JVM Tuning for Thread-Heavy Applications
Each thread reserves stack memory. Default stack size is 512KB on most JVMs:
200 threads × 512KB = 100MB of stack memory reserved
For applications with many threads, reduce stack size if your call stacks are shallow:
-Xss256k # Reduce thread stack from 512K to 256K
G1GC settings for latency-sensitive services:
-XX:+UseG1GC
-XX:MaxGCPauseMillis=100 # Target 100ms max GC pause
-XX:G1HeapRegionSize=16m # Larger regions for big heaps
-XX:InitiatingHeapOccupancyPercent=35
-XX:+ParallelRefProcEnabled
-XX:+DisableExplicitGC # Prevent System.gc() calls
Monitoring with Prometheus and Grafana
Key metrics to track thread pool health:
# application.properties
management.endpoints.web.exposure.include=prometheus,health,metrics
management.metrics.enable.tomcat=true
// Custom metric: track thread pool utilization
@Component
public class ThreadPoolMetrics {
private final ThreadPoolTaskExecutor asyncExecutor;
private final MeterRegistry meterRegistry;
@PostConstruct
public void registerMetrics() {
Gauge.builder("app.thread_pool.active_threads", asyncExecutor,
executor -> executor.getActiveCount())
.description("Active threads in async executor")
.register(meterRegistry);
Gauge.builder("app.thread_pool.queue_size", asyncExecutor,
executor -> executor.getThreadPoolExecutor().getQueue().size())
.description("Async executor queue depth")
.register(meterRegistry);
}
}
Grafana alert rules:
# Alert: Thread pool near exhaustion
tomcat_threads_busy_threads / tomcat_threads_config_max_threads > 0.85
# Alert: Connection pool exhausted
hikaricp_connections_pending > 0 for 30s
# Alert: High response latency (symptom of thread starvation)
http_server_requests_seconds_p99 > 2.0
Thread Dump Analysis
When a service is hanging, take a thread dump immediately:
jstack <pid> > thread-dump.txt
# Or via JMX:
kill -3 <pid> # Sends SIGQUIT, dumps to stdout
Patterns that indicate thread pool exhaustion:
# Thread blocked waiting for DB connection:
"http-nio-8080-exec-47" WAITING on com.zaxxer.hikari.util.ConcurrentBag$1
at sun.misc.Unsafe.park(Native Method)
at HikariPool.getConnection(HikariPool.java:213)
at OrderController.getOrder(OrderController.java:45)
# Count blocked threads:
grep -c "WAITING on com.zaxxer.hikari" thread-dump.txt
If you see 50+ threads waiting on HikariCP, your connection pool is the bottleneck.

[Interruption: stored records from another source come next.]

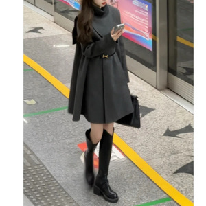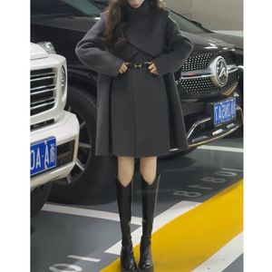 2025小巴黎冬季新款可拆卸斗篷毛呢大衣中长款修身显瘦时髦两件套
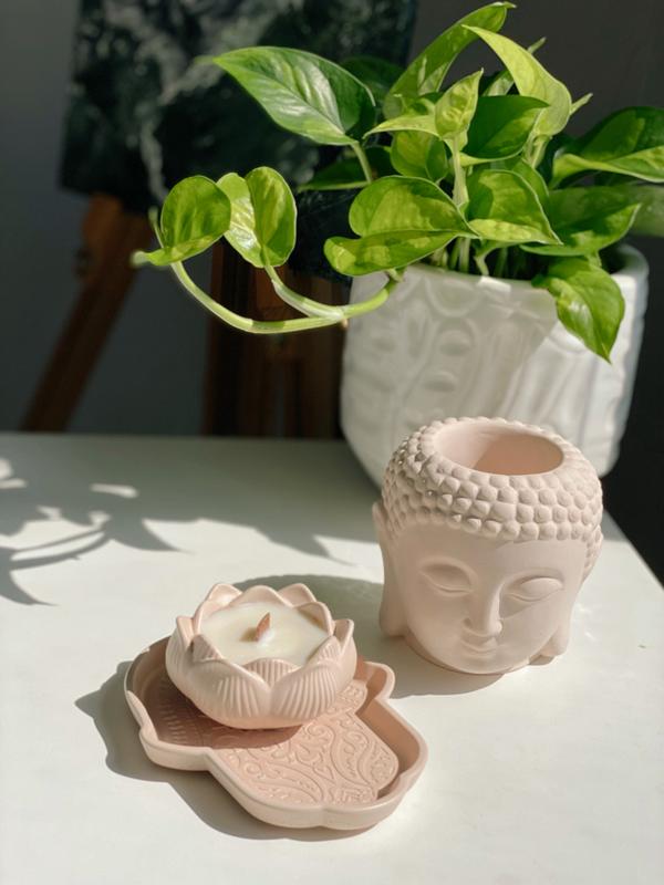 Набір будда з ароматичною соєвою свічкою в кашпо ручної роботи verbena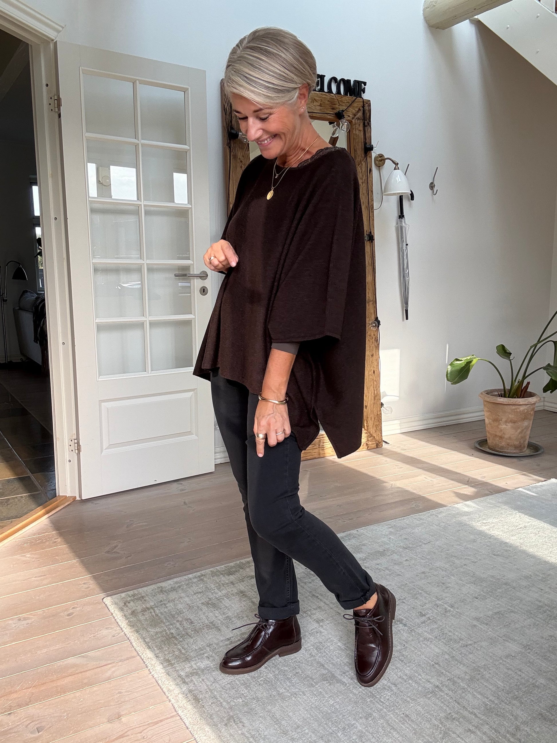 Håndlavet desert boot med snørebånd, udført i lakeret skind med rund tå. Farven er en varm, smuk kastanje-bordeaux, en signatur-nuance i denne efterårskollektion. Den er dekoreret med syninger rundt langs fronten og har en sål af rågummi.

If threads are waiting on external HTTP calls, your downstream is slow.
Tomcat Configuration for Production
@Bean
public TomcatServletWebServerFactory tomcatFactory() {
TomcatServletWebServerFactory factory = new TomcatServletWebServerFactory();
factory.addConnectorCustomizers(connector -> {
ProtocolHandler handler = connector.getProtocolHandler();
if (handler instanceof AbstractProtocol<?> protocol) {
protocol.setMaxThreads(200);
protocol.setMinSpareThreads(20);
protocol.setAcceptCount(50);
protocol.setConnectionTimeout(5000);
protocol.setKeepAliveTimeout(20000);
protocol.setMaxKeepAliveRequests(200);
}
});
return factory;
}
Lessons Learned from Production
1. Short timeouts everywhere. Every blocking operation — DB query, HTTP call, lock acquisition — must have a timeout shorter than your SLA. A missing timeout is a thread leak waiting to happen.

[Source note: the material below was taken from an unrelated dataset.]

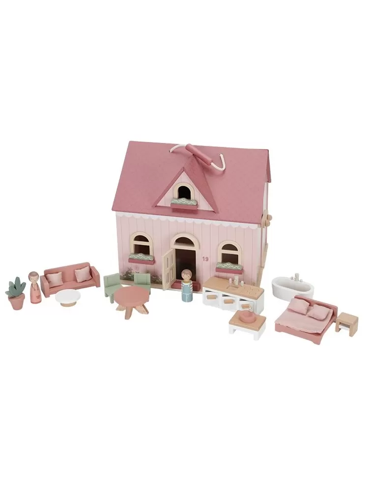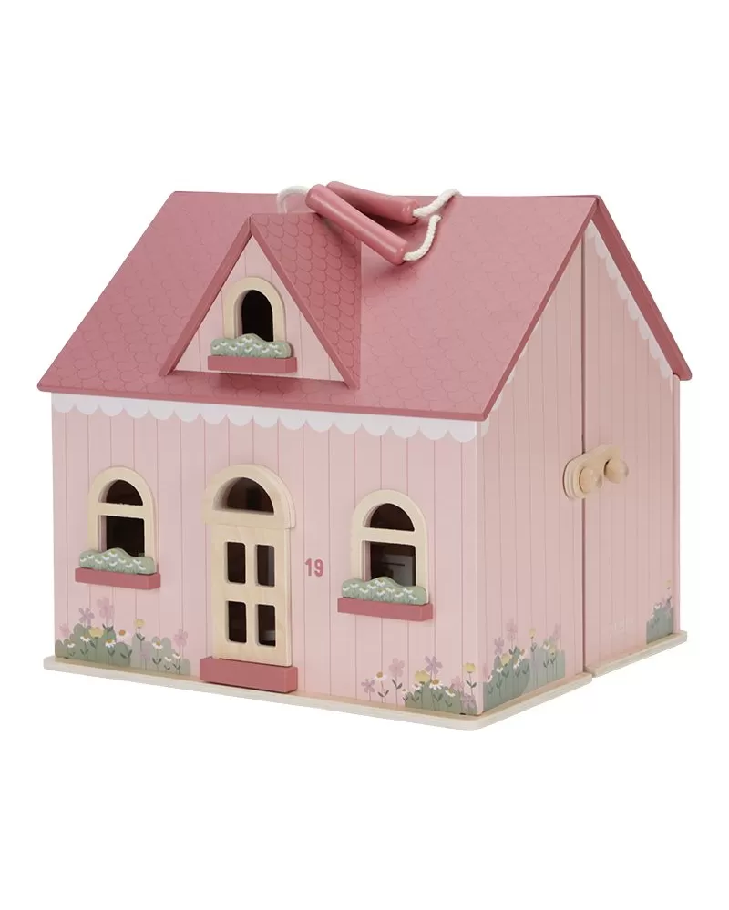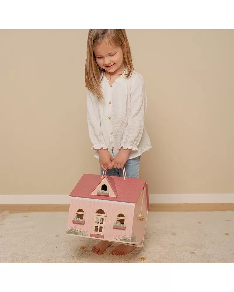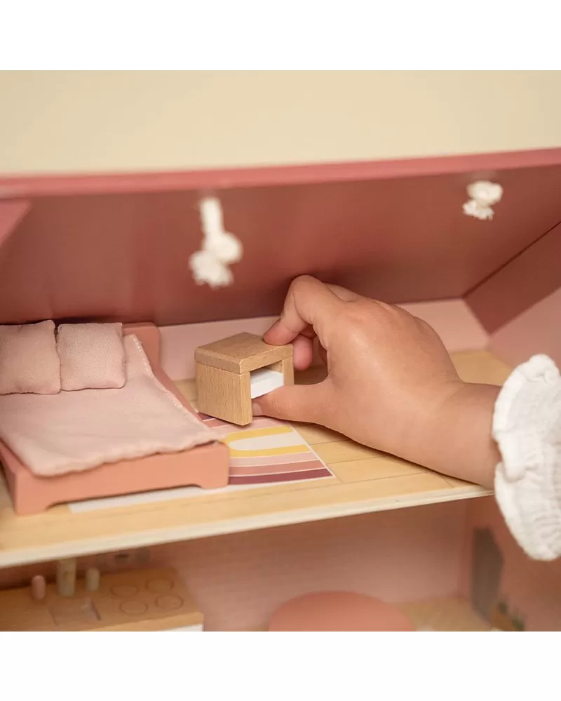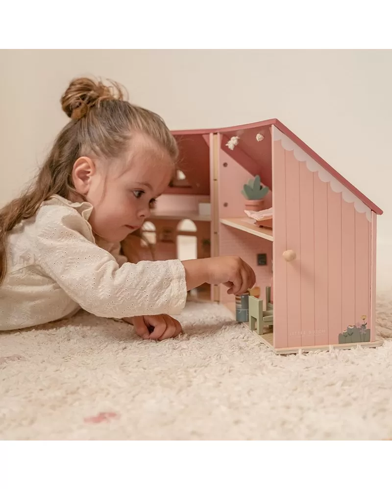 Roztomilý dřevěný domeček pro panenky Little Dutch má v přízemí obývací pokoj s kuchyní a v patře ložnici s koupelnou. Každý pokoj je zařízen odpovídajícím nábytkem a doplňky, součástí jsou i dvě dřevěné panenky Jim a Rosa. K domečku je možné dokoupit další sady nábytku, domází mazlíčky apod.

2. Size thread pools to match downstream capacity. If your DB can handle 10 concurrent queries, having 200 Tomcat threads is counterproductive — they'll all race for 10 connections. Align pool sizes across the call chain.
3. Instrument thread pool utilization, not just request latency. P99 latency spikes are a lagging indicator. Thread pool utilization at 80% is an early warning.
4. Fail fast under load. A 50-request accept-count and 2-second connection-timeout mean failures are visible in 2 seconds, not 30. Operators can respond; monitoring can alert. Silent accumulation is far worse.
5. One slow downstream can take down your service. Circuit breakers are not optional in microservice architectures. Every external call that can be slow must be wrapped.
Thread pool exhaustion is entirely preventable once you understand the mechanics. The failure mode is almost always: slow downstream + missing timeout + no circuit breaker = cascading thread starvation. Fix any one of those three and the cascade stops.